The weight range here is wide as well, going all the way from five pounds up to 80 pounds. Aside from functionality, this piece of equipment looks both simple and sleek, making it a great (and aesthetically pleasing) addition to any home gym space.
SMRTFT NÜOBELL Adjustable Dumbbells
Who Should Buy The NÜOBELL Adjustable Dumbbells
Anyone who wants to switch quickly and seamlessly between different weights.
Athletes who want a sleek, modern-looking set of adjustable dumbbells.
Lifters who want a wide range of weight options.
Who Shouldn’t Buy The NÜOBELL Adjustable Dumbbells
Customers looking for a cost-effective pair of adjustable dumbbells — this pair has a hefty price tag.
Folks who prefer a contoured handle for comfort.
For a modern, “smart” adjustable dumbbell with a wide weight range and twisting handlebar for fast adjustments, the NÜOBELL cannot be beat.
Most Versatile Adjustable Dumbbells
NordicTrack Select-A-Weight Dumbbell
These dumbbells are sturdy and well-balanced. The weights don’t rattle when you hoist them and, despite being plastic, the handle feels firm. You can also do a lot with 55 pounds, or 110 pounds combined. If a single squat feels too light, hold both bells at shoulder level, and try that.
The one downside is that the adjustment mechanism isn’t as simple — it’s a two-step process. The pin on the top of the dumbbells slides back and forth to select weights in 10-pound increments. To add or subtract either 2.5 or five pounds, you’ll need to adjust the sliders located on the inside of both dumbbells.
NordicTrack Select-A-Weight Dumbbells
Who Should Buy NordicTrack Select-A-Weight Dumbbell
People who engage in intense dumbbell workouts and need a sturdy weight set.

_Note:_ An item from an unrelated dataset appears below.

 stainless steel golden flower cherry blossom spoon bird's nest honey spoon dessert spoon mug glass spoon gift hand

Lifters who want dumbbells that go up to 55 pounds, which is a fair amount of weight for most folks.
Who Shouldn’t Buy NordicTrack Select-A-Weight Dumbbell
People who are easily frustrated by adjustment mechanisms. Nordictrack’s system is a little finicky.
Folks who are newer to lifting and maybe don’t need so much weight.

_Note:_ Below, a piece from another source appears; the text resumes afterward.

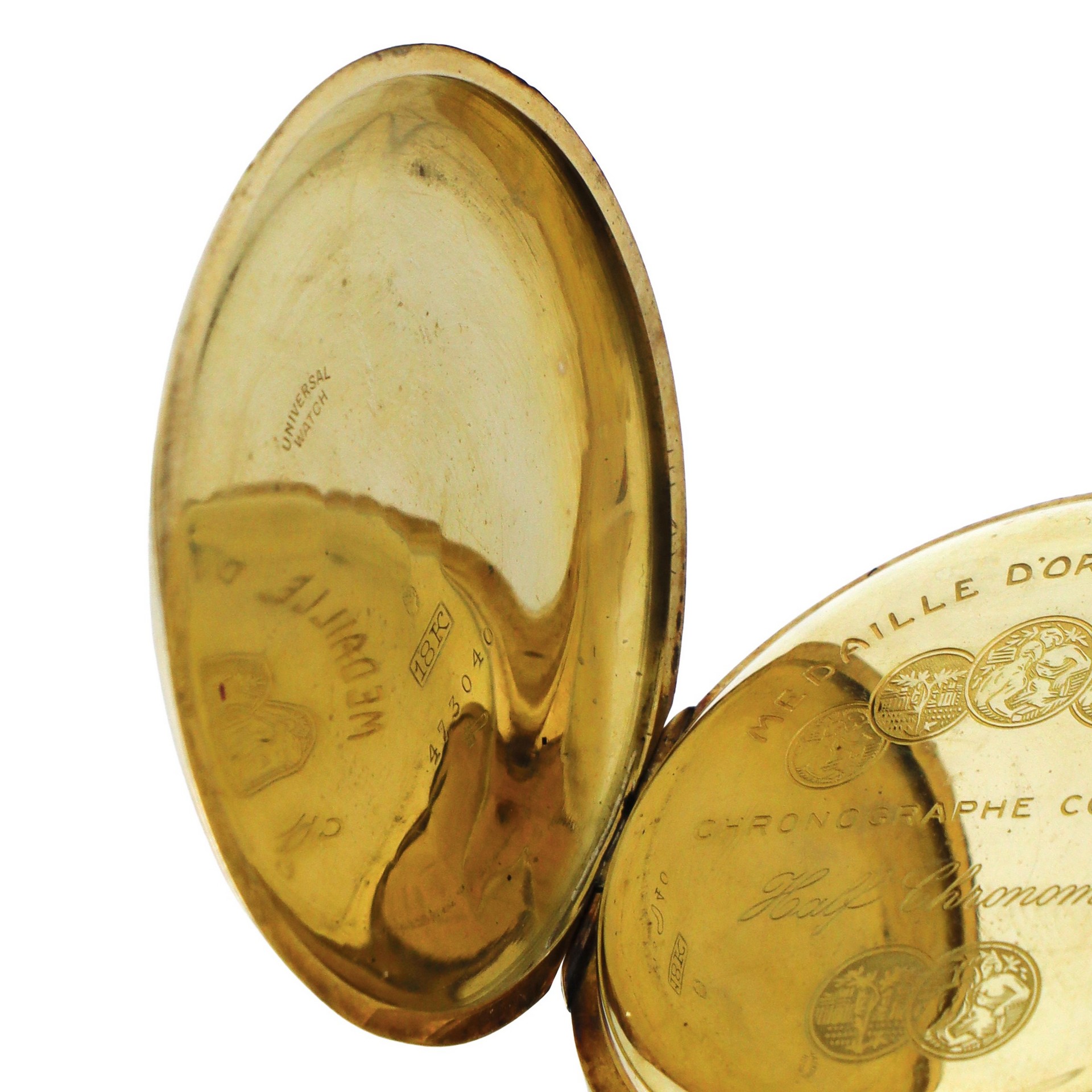 Universal Watch Extra - Orologio da tasca in oro 18 kt con numeri arabi in nero e contatore ausiliare dei secondi, 1920s/1930s

Budget-conscious shoppers. These are expensive.
Though they’re pricey, NordicTrack offers sturdy, reliable, heavy dumbbells that’ll last.

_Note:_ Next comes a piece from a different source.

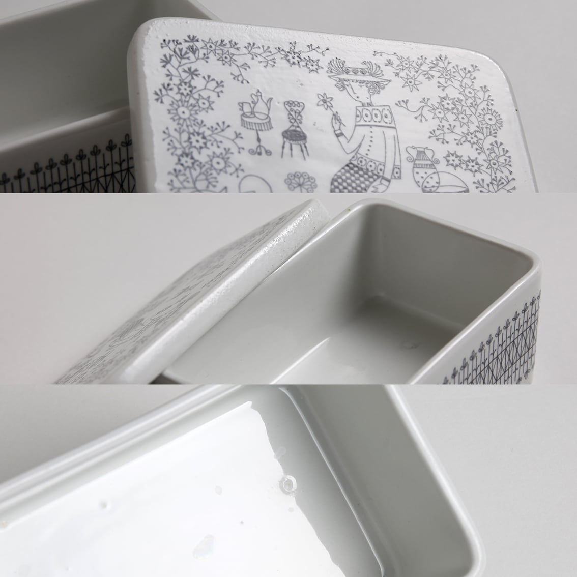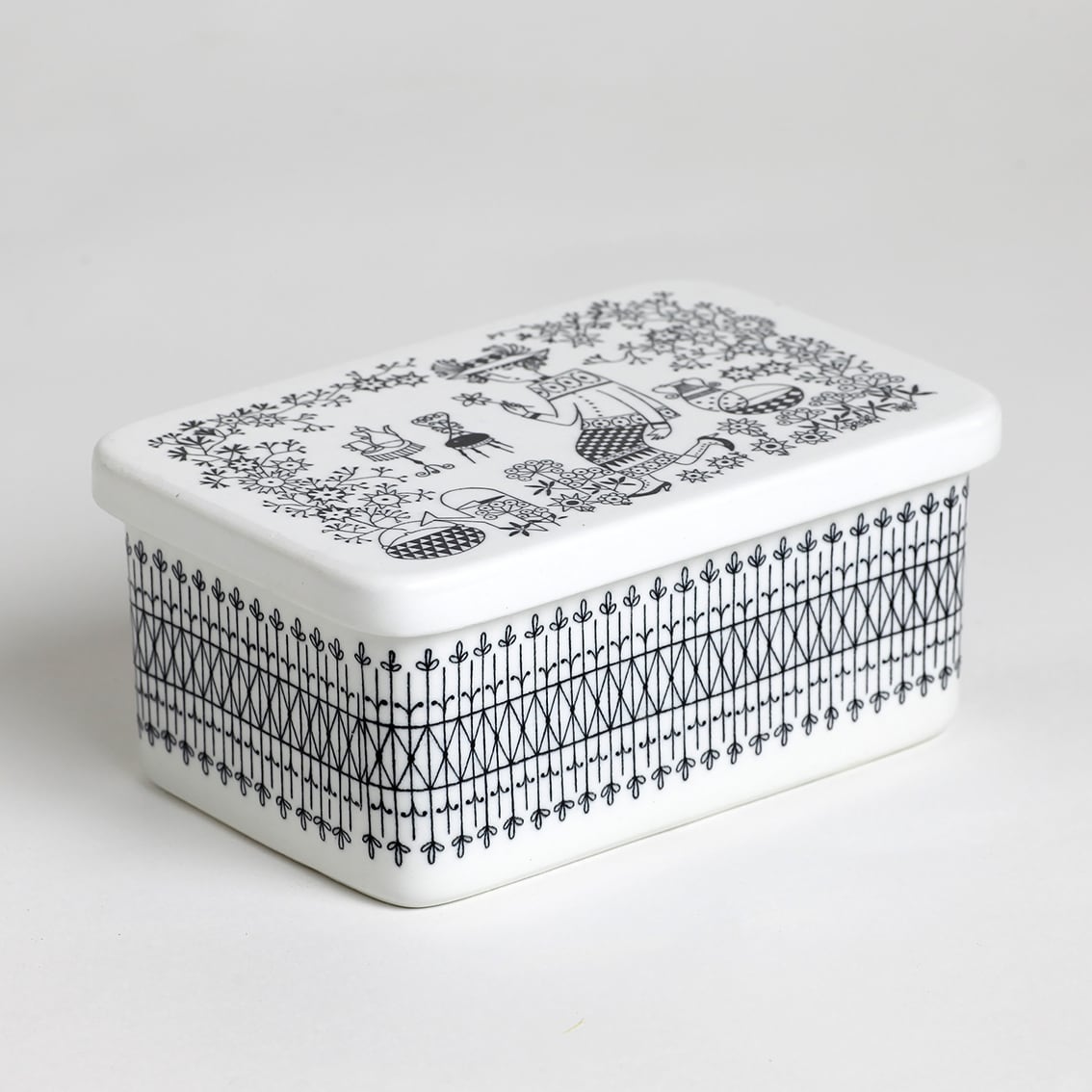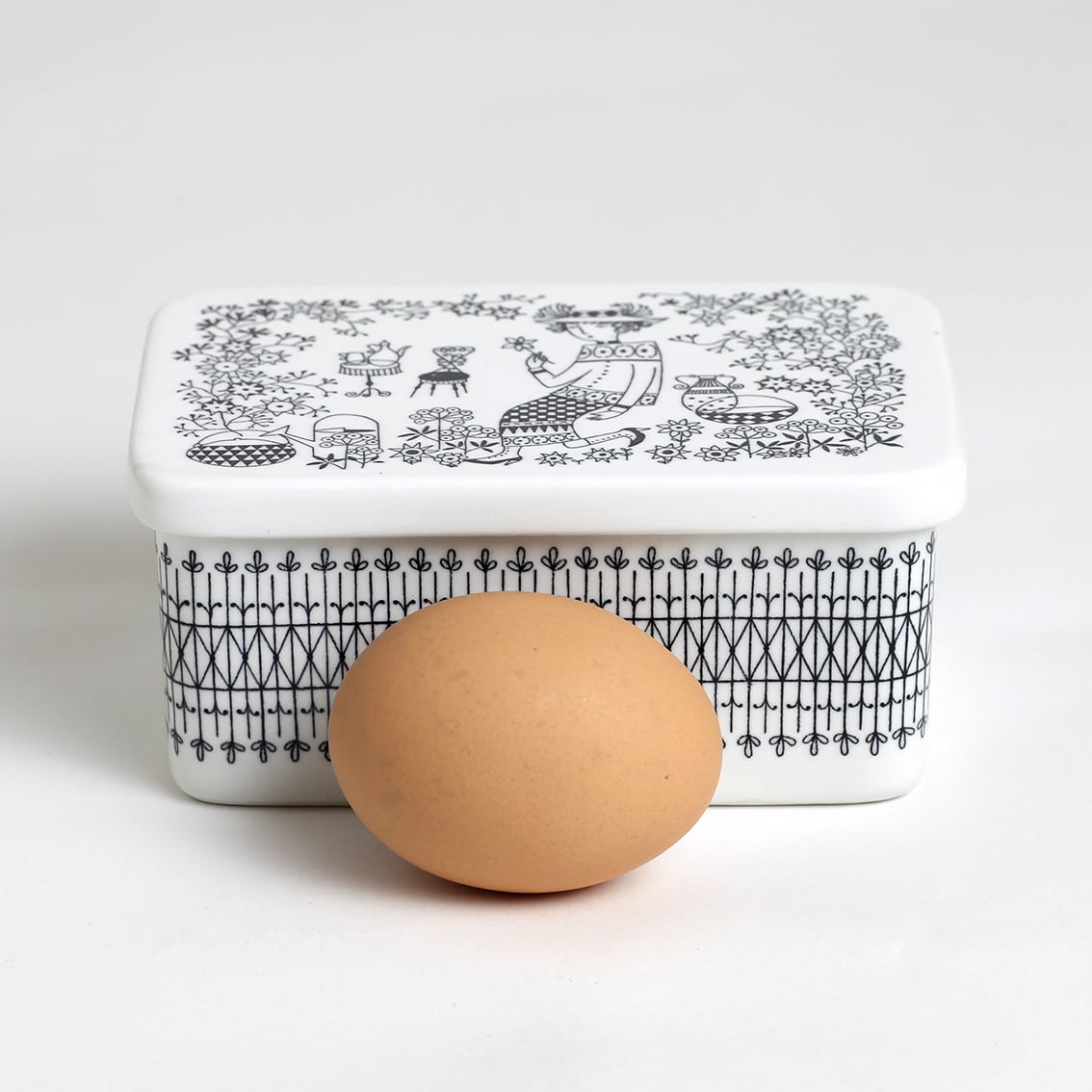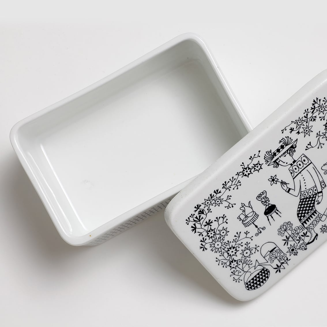 Kaj Franck(カイ・フランク)がデザインしたつややかな白地のフォルムにRaija Uosikkinen(ライヤ・ウオシッキネン)が繊細な黒い線でデコレート。モノクロとは思えない華やぎが感じられる作品です。描かれているのは帽子から靴まで全身おしゃれな女性。花を一輪、手にとって見つめるさまは、まるで物語のひとコマのようです。

Best Adjustable Dumbbells for Heavy Lifting
If you’re used to warming up with 50-pound dumbbells, then you’ll want a pair of handles to load with weight plates. Think of these as mini barbells that support far more weight than what’s offered with traditional selectorized dumbbells.
Rogue Loadable Dumbbells
Rogue’s loadable handles closely resemble a barbell. It has a knurled shaft and sleeves that can support standard plates. If you want to do heavy Kroc rows or floor presses, these are the bells for you. The handles come in two options — a 10-pound option with 3.625-inch-long sleeves and a 15-pound set with a 6.75-inch sleeve. To use these dumbbell handles, however, you’ll need weight plates and barbell collars. Otherwise, you’ll need to shell out for the handles (which aren’t cheap) and plates and collars. If you already own a home gym with plenty of plates, these are a great option.
Rogue Loadable Dumbbells
Who Should Buy Rogue Loadable Dumbbells
Strength athletes that want to lift heavy.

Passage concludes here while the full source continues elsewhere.